In 2012, AlexNet ran on two NVIDIA GTX 580 GPUs. Every architectural decision that followed — batch normalization, residual connections, attention mechanisms, mixture-of-experts — was shaped by the assumption that the hardware running these algorithms would be identical. CUDA became the universal language. Homogeneous GPU clusters became the universal substrate. The entire AI software ecosystem hardened around this assumption.


That assumption is now structurally false.


Silicon architectures are proliferating beyond general-purpose GPUs into domain-specific accelerators, custom ASICs, tensor processing units, reconfigurable FPGAs, photonic processors, neuromorphic chips, and sovereign national hardware programs. Over 50 nations are building AI infrastructure as strategic assets, and no nation locks into a single vendor. The hardware landscape is fragmenting on a government timeline, accelerated by US export controls, the CHIPS Act, and bilateral compute sovereignty initiatives across the Gulf, EU, and Indo-Pacific.


The software ecosystem built for uniformity cannot be patched to handle this diversity. The assumption of homogeneity is not a feature that can be updated — it is embedded at every layer of the stack, from compiler backends to memory management to scheduling heuristics. It must be replaced by new science, new infrastructure, and new models.

The Mismatch Tax

Making heterogeneous compute work today requires armies of specialists: compiler engineers writing kernels for each processor type, hardware engineers manually profiling performance surfaces, systems engineers hand-tuning execution policies, and ML infrastructure engineers spending months adapting models to new hardware. Every serious heterogeneous deployment requires 8–15 specialist engineers to bridge hardware boundaries.

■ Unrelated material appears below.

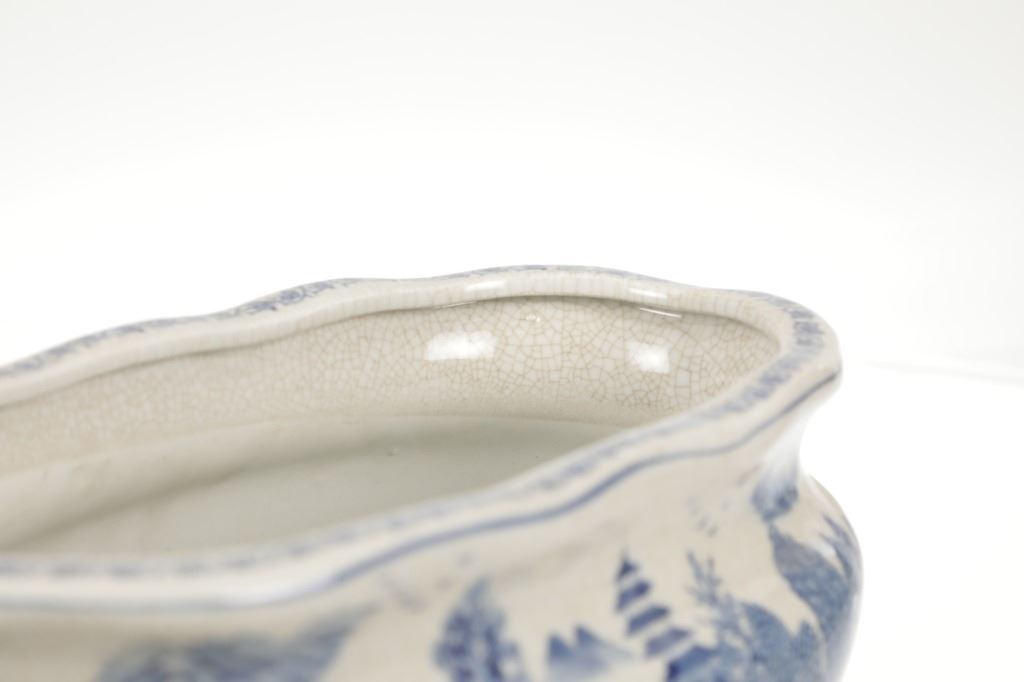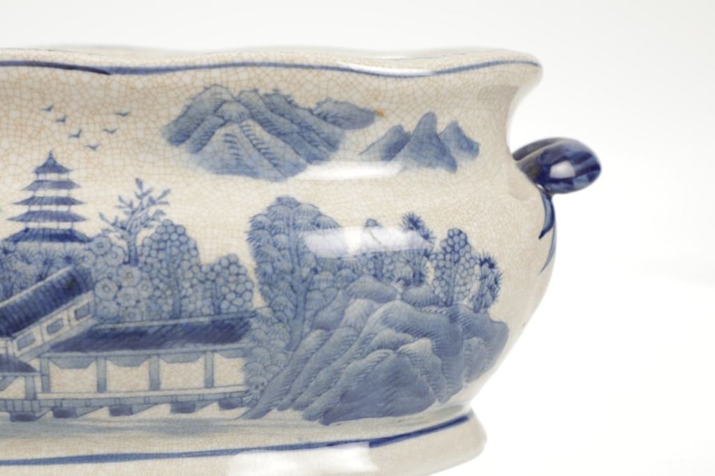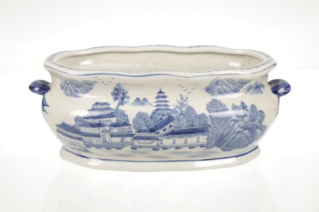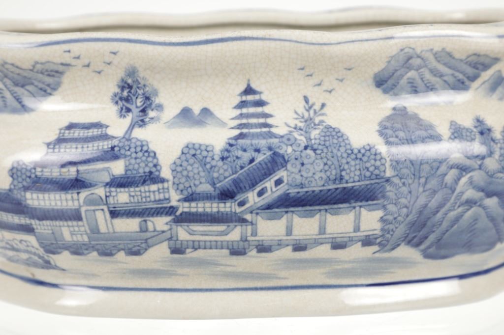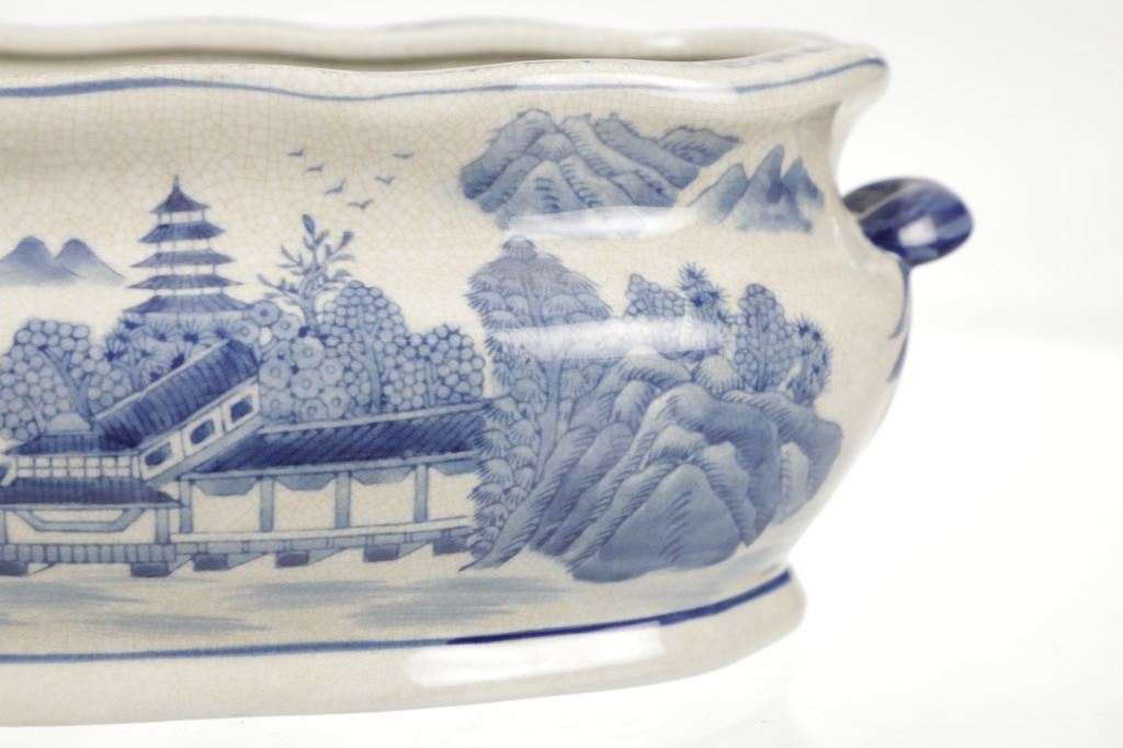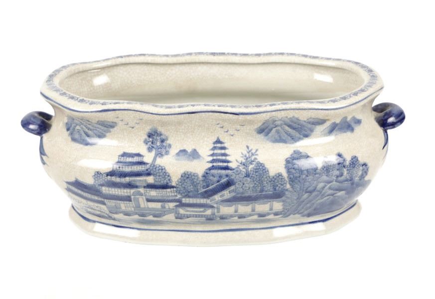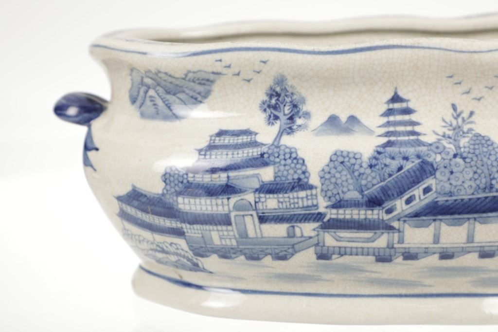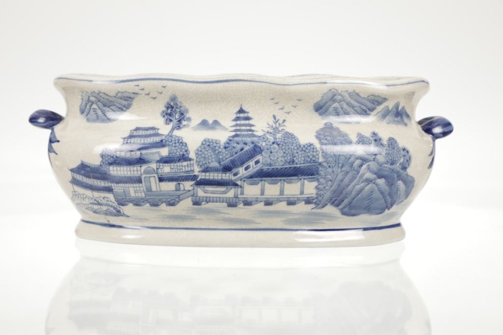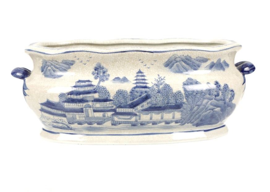 For your consideration is this Vintage Blue & White Chinoiserie Porcelain Foot Bath Basin with Double Handles. The scene depicted is that of a large house, possibly a palace surrounded by flora and trees of all types, with mountain ranges in the background while flocks of birds fly overhead. The rim has a continuous flower and vine design. Chinoiserie was once the most coveted fashion of the aristocracy. During the 17th and 18th centuries, Europeans became fascinated with Asian cultures and traditions. They loved to imitate or evoke Asian motifs in Western art, architecture, landscaping, furniture, and fashion. Truly a piece of art that evokes a much simpler and peaceful way of life. The Chinoiserie foot bath is in good overall condition, crazing is visible throughout the enamel finish, no other obvious marring noted. Measures 8"W x 16"L x 6"H approximately.

We call this the Mismatch Tax — the aggregate efficiency lost when computation runs on hardware different from its design target. It includes direct performance loss, engineering labor, opportunity cost of workloads that never deploy, and cluster underutilization. Global AI infrastructure spending exceeded $200B in 2025. Average cluster utilization runs 30–50%. The Mismatch Tax is measured in tens of billions annually — and grows superlinearly with every new chip architecture that enters production.


This labor is not scalable. The pool of engineers who can bridge hardware boundaries grows linearly. The demand grows exponentially. The gap is structural and permanent.


General Diffusion eliminates this bottleneck permanently — not by hiring more specialists, but by building the foundational models and autonomous agents that do this work automatically.

The Discipline: Heterogeneous Compute Physics

The prevailing model of computation treats it as substrate-independent — a mathematical abstraction that runs identically regardless of physical implementation. This abstraction, rooted in Turing’s universal machine and Church’s lambda calculus, served well when hardware was uniform.


When hardware is heterogeneous, the abstraction breaks. Computation becomes substrate-dependent: the physical properties of the hardware shape not just the speed of computation but the space of computations that are efficiently achievable. This is why we use the word physics — heterogeneous compute behavior is governed by the physical properties of diverse substrates interacting, not by abstract computational equivalence.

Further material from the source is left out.